The National Association of Broadcasters (NAB) fired back at the FCC over implications that further delay of the 600 MHz incentive auction is due to an NAB lawsuit.
“We reject suggestions that our narrowly focused lawsuit is cause for delay. We look forward to a speedy resolution of our legal challenge and a successful auction that preserves access to free and local TV for every American,” NAB Executive Vice President of Communications Dennis Wharton said in a statement.
NAB said the broadcast incentive auctions will be complex and that’s why Congress gave the FCC 10 years to complete the proceedings.
“As NAB has said repeatedly, it is more important to get the auction done right than right now,” Wharton said.
The NAB’s rebuttal comes after the FCC Friday announced it was pushing back the auctions from mid-2015 to 2016. The Commission said it’s making progress putting in place rules and procedures for the auctions but pointed out the NAB lawsuit as a significant roadblock. The lawsuit, aimed at protecting broadcasters who opt out of selling their spectrum for the auction, may not reach a final decision until mid-2015.

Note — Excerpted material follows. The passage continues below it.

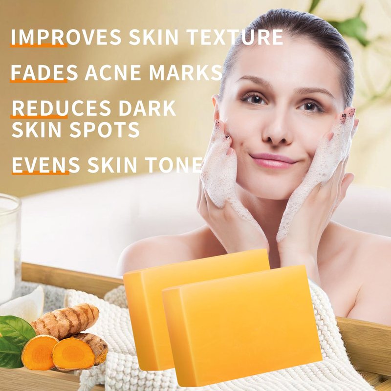 - Nourishing Ingredients: Infused with natural lemon and turmeric, this soap helps nourish your skin with each use. These ingredients work together to promote a healthy skin barrier and support your skin's natural vitality.The natural properties of turmeric also work to calm and soothe the skin.

Other reactions to the delay from wireless industry groups CTIA and CCA stressed the need for spectrum to meet demand for mobile broadband but understood the complexity of the process. This is the second 600 MHz auction pushback under FCC Chairman Tom Wheeler—the first moved the auction from a tentative 2014 start date to allow more time for developing policy decisions and auction procedures.